Created: November 21, 2019 06:22 PM
ALBUQUERQUE, N.M.- State lawmakers, policy experts and business leaders talked about criminal justice reform Thursday at a symposium that was organized by the Coalition for Public Safety.
"We're a national organization devoted to reforming criminal justice systems at the state and federal level,” said the coalition's deputy director, Jenna Moll.
The topics discussed included probation and parole reform, allowing people with a criminal record to get occupational licenses and improving re-entry and employment opportunities for people who have been released from prison.

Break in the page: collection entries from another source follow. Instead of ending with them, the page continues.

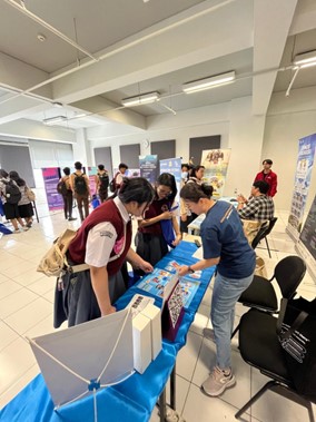 Salah satu booth interaktif yang menarik adalah booth yang menggunakan alat edukatif Makey-Makey, di mana peserta dapat mencoba langsung bagaimana teknologi sederhana dapat digunakan untuk membangun sistem interaktif. Di booth ini juga dijelaskan bagaimana pembelajaran di Sistem Informasi tidak hanya berfokus pada coding, tetapi juga pada pemecahan masalah, analisis kebutuhan, dan pengembangan solusi berbasis teknologi. Sebagai bagian dari edukasi, peserta diajak bermain dengan kartu proses bertajuk Be The Problem Solver with Technology. Kartu ini berisi alur proses pembelian barang di online shop, lengkap dengan berbagai skenario bug yang sering terjadi, seperti barang yang masih bisa dipesan padahal stok sudah habis, atau kurir yang kesulitan menemukan alamat pengiriman. Dari situ, peserta diajak untuk berpikir bagaimana solusi teknologi seperti sistem real-time atau pemetaan digital seperti QMaps dapat digunakan untuk mengatasi masalah tersebut secara efektif dan efisien.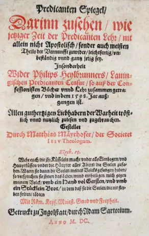 I. VD 16, R 3125. Erste Ausgabe. II. de Backer-S. V, 367, 10. Gegen Heilbrunner gerichtete Schrift. III. VD 16, H 542. IV. VD 17, 12:113524-W. Seltene gegenreformatorische Schrift. - Tls. etw. wasserrandig u. leichte Gebrauchssspuren. - Exlibris eines Kapuziner-Klosters.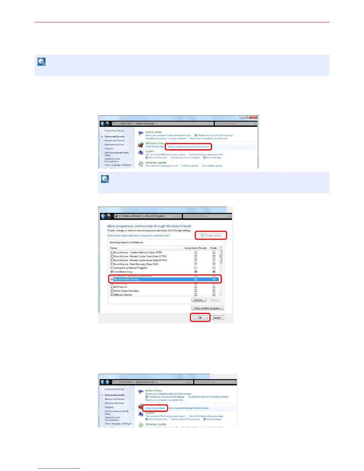 1 From the Start menu, select Control Panel, System and Security, and Allow a program

"Today is a chance for local elected officials, concerned voters, agency officials, and stakeholders to come together with national leaders from across the country,” she said. “Leaders who have already passed these reforms in their home states, so we can learn from them and then design New Mexico specific solutions to the problems that we're facing in this state."
KOB 4 asked two of the state lawmakers, attending the conference, for their reaction to Albuquerque's homicide rate, which is tied with the yearly record of 72.
"It's frustrating to see that the crime is continuing to be a problem,” said State Rep. Alonzo Baldonado. “I know Mayor Keller has really made it an issue for Albuquerque, of course I live just a little bit south of Albuquerque, but what happens in the big city affects me, definitely 20 minutes away."
"These crimes are just heartbreaking,” said State Rep. Antonio "Moe" Maestas . “A lot of crimes you don't hear about, but they're just as heartbreaking to the families. Our heart goes to this community and we're going to do our best so there’s less crimes in the future."
A bill lawmakers will debate during the upcoming legislative session deals with probation and parole reform.
"It distinguishes between breaking the law and breaking the rules,” said Maestas, who plans on sponsoring the bill. “If you break the rules, you still need to be held accountable, but you don't deserve to be sent back to prison.”
The governor vetoed a similar bill after the last session. Maestas says they're currently crafting a new version.
"The research has shown nationally that sending someone back to prison could be counterproductive if they're not a threat to public safety or they're not breaking the law,” said Maestas.
Baldonado plans to support the bill.
"I think the conversations have happened to make that bill work for everybody and I think we'll see some daylight this time," he said.